> **Task to complete**
Copy all entries exactly, and wherever an entry holds a picture, leave that picture out.

> **Supplied material**
•••

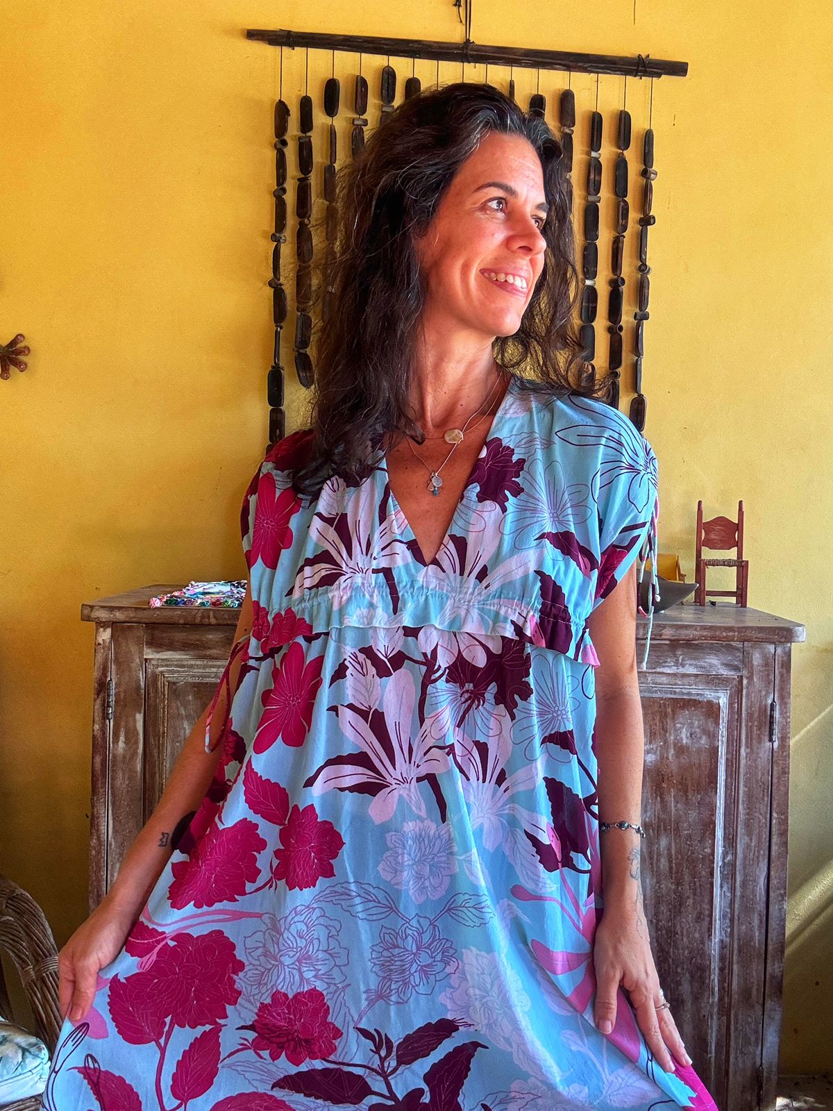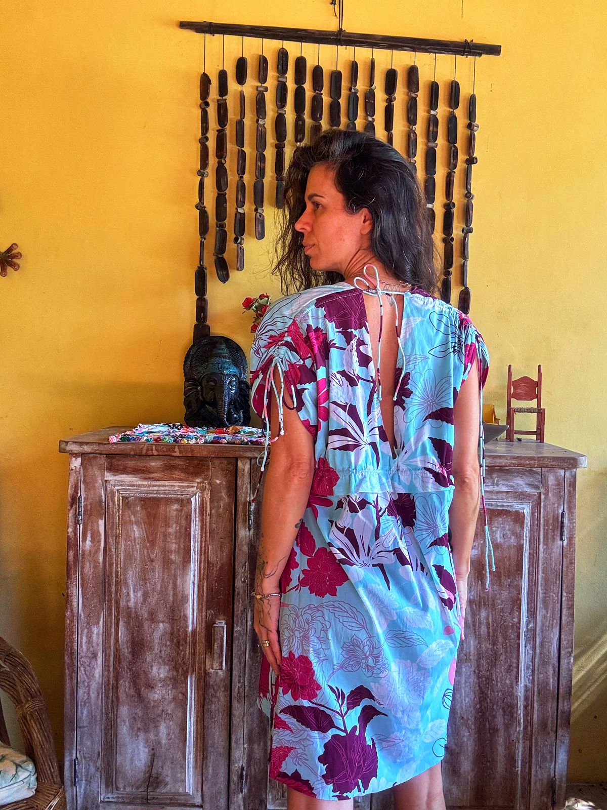 Vestido curto estampado floral em tons de azul e pink, modelo kaftan com decote V e amarração nas mangas/lateral. Peça leve e soltinha, perfeita para o verão e praia.
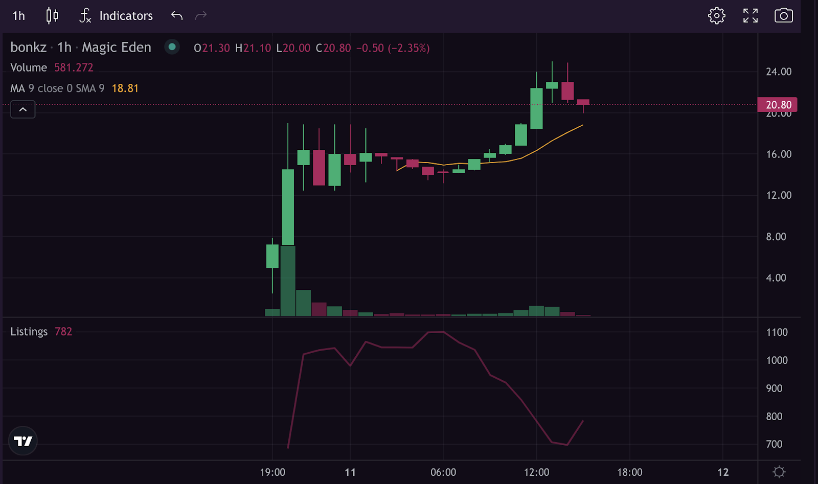 Theo dữ liệu từ Magic Eden, khối lượng giao dịch của bộ sưu tập NFT Bonkz là 124,900 SOL, xấp xỉ hơn 1.9 triệu USD. 771 NFT được niêm yết trên thị trường. 6,099 ví duy nhất sở hữu NFT Bonkz. NFT Bonkz đã gây ra một cơn sốt và cháy hàng ngay lập tức. Chúng được đúc với giá khoảng 25 USD và có giá sàn là 22.8 SOL, khoảng hơn 350 USD tại thời điểm BeInCrypto viết bài. Như vậy, mức giá bộ sưu tập NFT Bonkz này đã tương đương mức tăng giá gấp 14 lần trong vòng 24 giờ.
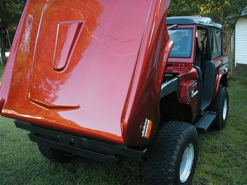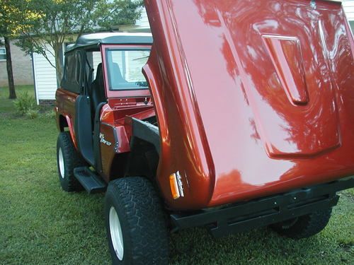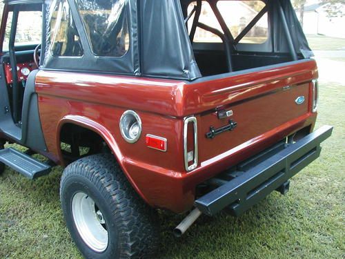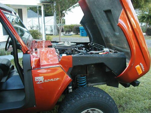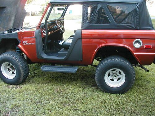 AS PICTURED A NICE EASY TO COMPLETE PROJECT BRONCO .This Bronco was purchased as is at the local C0-PART auction.Some one has put a ton of money in this one it is all fiberglass tub and tilt front end. I purchased it and had the rear fiberglass repaired ..thats all I have done with it ......other out of town construction projects have consumed my time.It comes with a 1968 ford Virginia reconstructed vehicle title with no liens ..It does run and drive and the trans and engine acts strong ..something makes a clunk noise in the drive train maybe a universal? ....the paint is really pretty good for a driver .plus the top and alot of the parts on this BRONCO looks to be new ..The interior and guages are nice as well . SOLD AS IS .. I feel it will need to be trailered to its new home..... although I have been driving it around the neighborhood like a golf cart.... .Please come and inspect before bidding ...Give me a call ..Thanks 704-200-0334
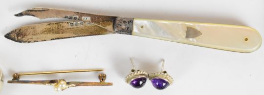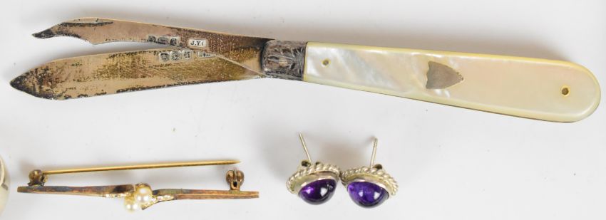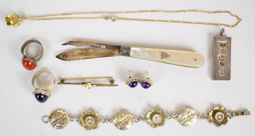A collection of silver including bracelet, two rings, earrings, penknife, ingot etc
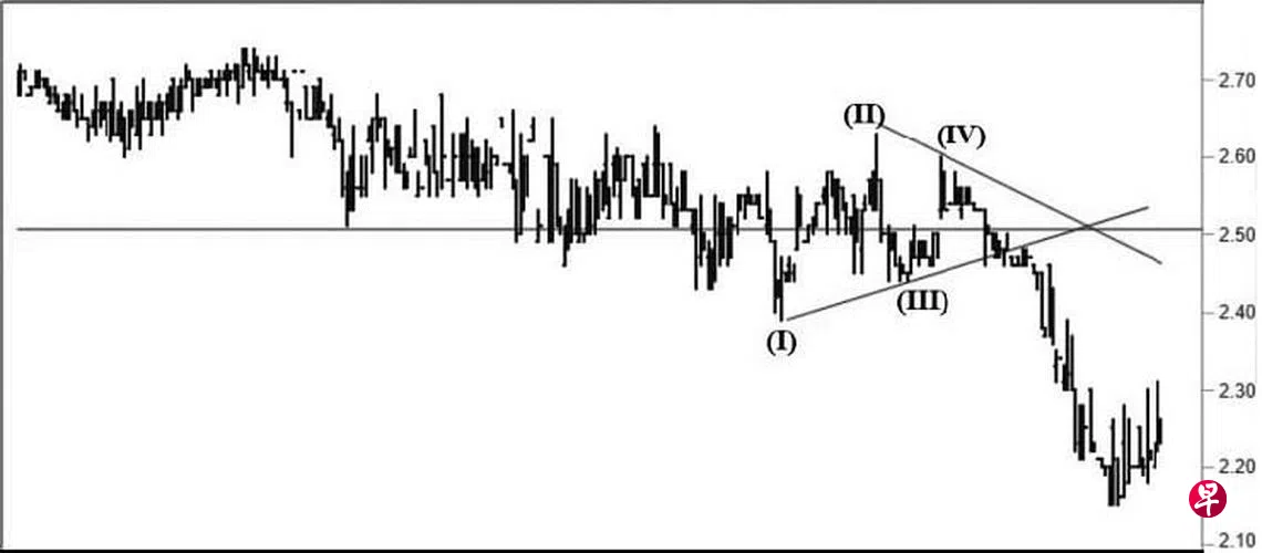 本栏于今年8月11日曾论及这只股票当时正处具五波走势的C大波中第(1)波中的第(V)波跌势,填补介于2.40元与2.39元及介于2.30元与2.29元的缺口也就水到渠成。当时股价为2.48元左右。8月18日股价骤然上升至2.60元,造成介于2.52元与2.47元间出现缺口;9月5日股价下探2.46元,遂将此缺口填补。回顾股价自今年6月15日下跌至2.39元后,就于当天以“主要转向”信号完成了一个跌势“三角形”中的第(I)点,接着回扯至7月25日的2.63元,此为第(II)点。8月4日股价回落至2.44元结束了第(III)点,过后回扯至上述的2.60元完成了第(IV)点。9月12日股价终于跌穿位于2.48元的“三角形”下限,若以此“三角形”的高,计自其下限,可测得基本目标为2.28元。10月10日股价不但跌穿此基本目标的价位,直试2.22元,同时也将上述第一及第二个缺口全予填补。截至10月25日股价已经下跌至2.15元。短期回扯,股价或将以三波向上调整,并可能试2.50元的阻力线后,重返跌势。
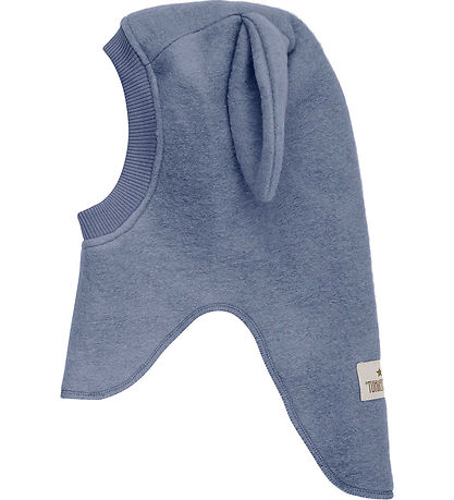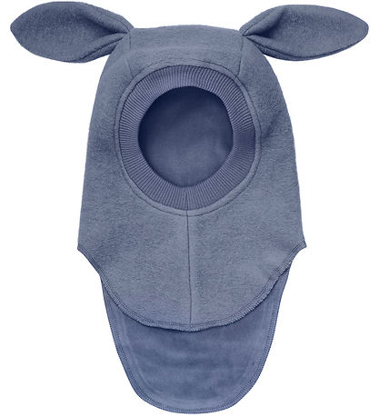 Élégante Huttelihut Huttelihut bleue, avec sa douce surface en laine polaire chaude. Composée de deux épaisseurs, elle présente une forme tour surmontée de longues oreilles de lapin.

•••

> **Response to this task**
 Vestido curto estampado floral em tons de azul e pink, modelo kaftan com decote V e amarração nas mangas/lateral. Peça leve e soltinha, perfeita para o verão e praia.
 Theo dữ liệu từ Magic Eden, khối lượng giao dịch của bộ sưu tập NFT Bonkz là 124,900 SOL, xấp xỉ hơn 1.9 triệu USD. 771 NFT được niêm yết trên thị trường. 6,099 ví duy nhất sở hữu NFT Bonkz. NFT Bonkz đã gây ra một cơn sốt và cháy hàng ngay lập tức. Chúng được đúc với giá khoảng 25 USD và có giá sàn là 22.8 SOL, khoảng hơn 350 USD tại thời điểm BeInCrypto viết bài. Như vậy, mức giá bộ sưu tập NFT Bonkz này đã tương đương mức tăng giá gấp 14 lần trong vòng 24 giờ.
 AS PICTURED A NICE EASY TO COMPLETE PROJECT BRONCO .This Bronco was purchased as is at the local C0-PART auction.Some one has put a ton of money in this one it is all fiberglass tub and tilt front end. I purchased it and had the rear fiberglass repaired ..thats all I have done with it ......other out of town construction projects have consumed my time.It comes with a 1968 ford Virginia reconstructed vehicle title with no liens ..It does run and drive and the trans and engine acts strong ..something makes a clunk noise in the drive train maybe a universal? ....the paint is really pretty good for a driver .plus the top and alot of the parts on this BRONCO looks to be new ..The interior and guages are nice as well . SOLD AS IS .. I feel it will need to be trailered to its new home..... although I have been driving it around the neighborhood like a golf cart.... .Please come and inspect before bidding ...Give me a call ..Thanks 704-200-0334
A collection of silver including bracelet, two rings, earrings, penknife, ingot etc
 本栏于今年8月11日曾论及这只股票当时正处具五波走势的C大波中第(1)波中的第(V)波跌势,填补介于2.40元与2.39元及介于2.30元与2.29元的缺口也就水到渠成。当时股价为2.48元左右。8月18日股价骤然上升至2.60元,造成介于2.52元与2.47元间出现缺口;9月5日股价下探2.46元,遂将此缺口填补。回顾股价自今年6月15日下跌至2.39元后,就于当天以“主要转向”信号完成了一个跌势“三角形”中的第(I)点,接着回扯至7月25日的2.63元,此为第(II)点。8月4日股价回落至2.44元结束了第(III)点,过后回扯至上述的2.60元完成了第(IV)点。9月12日股价终于跌穿位于2.48元的“三角形”下限,若以此“三角形”的高,计自其下限,可测得基本目标为2.28元。10月10日股价不但跌穿此基本目标的价位,直试2.22元,同时也将上述第一及第二个缺口全予填补。截至10月25日股价已经下跌至2.15元。短期回扯,股价或将以三波向上调整,并可能试2.50元的阻力线后,重返跌势。
 Élégante Huttelihut Huttelihut bleue, avec sa douce surface en laine polaire chaude. Composée de deux épaisseurs, elle présente une forme tour surmontée de longues oreilles de lapin.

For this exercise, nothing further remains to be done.